When you need to transfer data from external databases to your EMR cluster, make sure that the networks are connected. This topic describes how to configure network connections for accessing ApsaraDB for RDS instances, user-created databases hosted on ECS, and on-premises databases.

ApsaraDB for RDS

  • Classic network
    We recommend that you use an EMR cluster deployed in the classic network to access a classic network RDS instance. You can set internal and public IP addresses for classic network RDS instances. Sqoop synchronizes data by running map tasks on the master node and worker nodes. However, only the master node of a classic network EMR cluster can access the public network. You need to access the internal IP address of the RDS instance for Sqoop. Make sure that the internal IP address of the EMR cluster is in the whitelist of the RDS instance.

    For more information about how to create a classic network EMR cluster, see Create a cluster.

  • VPC
    If the RDS is in a VPC network, you must specify a VPC network for the EMR cluster. We recommend that you use the same VPC for your EMR cluster and the RDS instance to save time for configuring a network connection. Otherwise, use Express Connect to configure a network connection.

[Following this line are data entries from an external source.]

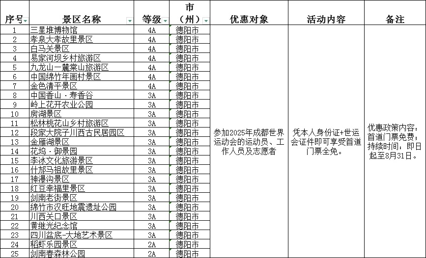 8月12日,川观新闻从德阳市文旅局获悉,为迎接2025年第12届世界运动会(以下简称“世运会”),展示德阳旅游形象,全市A级旅游景区联合推出重磅优惠政策:即日起至8月31日,世运会运动员、工作人员及志愿者可凭本人身份证和世运会证件,享受景区首道门票免费优惠。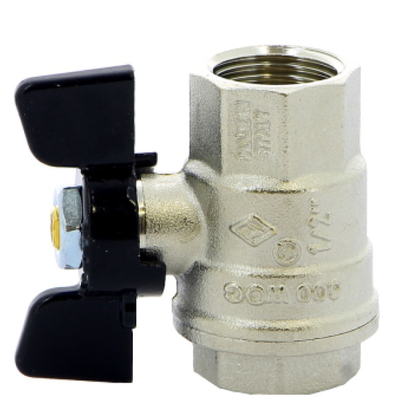 Шаровой кран Bugatti 1" полнопроходной с ручкой-«бабочкой» предназначен для использования в качестве запорной арматуры на трубопроводах систем водоснабжения и отопления. Кран является полнопроходным. Средний срок службы изделия составляет 50 лет. Полнопроходной шаровой кран Bugatti с резьбой гайка/штуцер снабжён алюминиевой ручкой-«бабочкой» с покрытием чёрного цвета. Материал уплотнения шара: тефлон.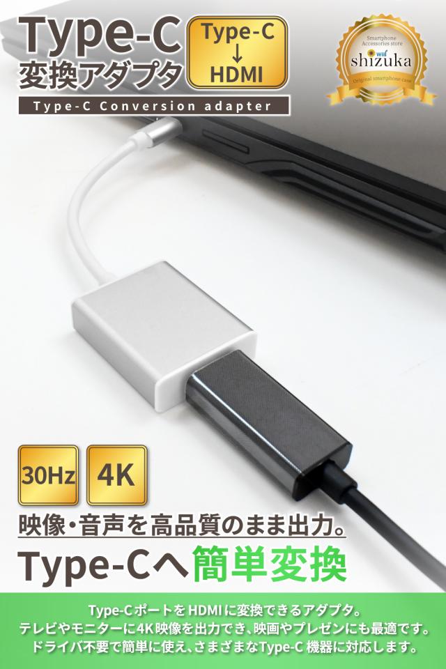 Type-C HDMI 変換アダプタ アダプター コネクタ タイプC 高速転送 4K高画質 4K@30Hz オス メス iPhone アイフォン android アンドロイド iPad タブレット MacBook windows テレビ 接続 モニター ミラーリング

User-created database hosted on ECS

  • Classic network

    The process for accessing a classic network user-created database and a classic network RDS instance is similar. Use the classic network for the EMR cluster to access the internal IP address of the user-created database. Make sure that the ECS instance on which the database is deployed and the instances of the EMR cluster are in the same security group. In the ECS console, choose Security Groups > Manage Instances > Add Instance.

  • VPC

    The process for accessing a VPC user-created database and a VPC RDS instance is similar. Use a VPC for your EMR cluster. Make sure that the ECS instance where the database is deployed and the EMR cluster are in the same security group.

On-premises database

You can assign an EIP address to your EMR cluster and access the public IP address of the database. Or, you can use Express Connect to connect the VPCs to access the database.

  • Associate an EIP

    We recommend that you use a VPC EMR cluster if the on-premises database can be accessed over the public network. Create an EMR cluster in a VPC. Then, in the ECS console, choose Manage > Configuration Information > More > Bind EIP and associate an EIP with each ECS instance. After the configurations, your cluster can access the public IP address of the on-premises database.

  • Express Connect

    If the on-premises database is not allowed to be accessed over the public network, create an EMR cluster in a VPC and use Express Connect to connect the on-premises IDC and the VPC. For more information about Express Connect, see Express Connect.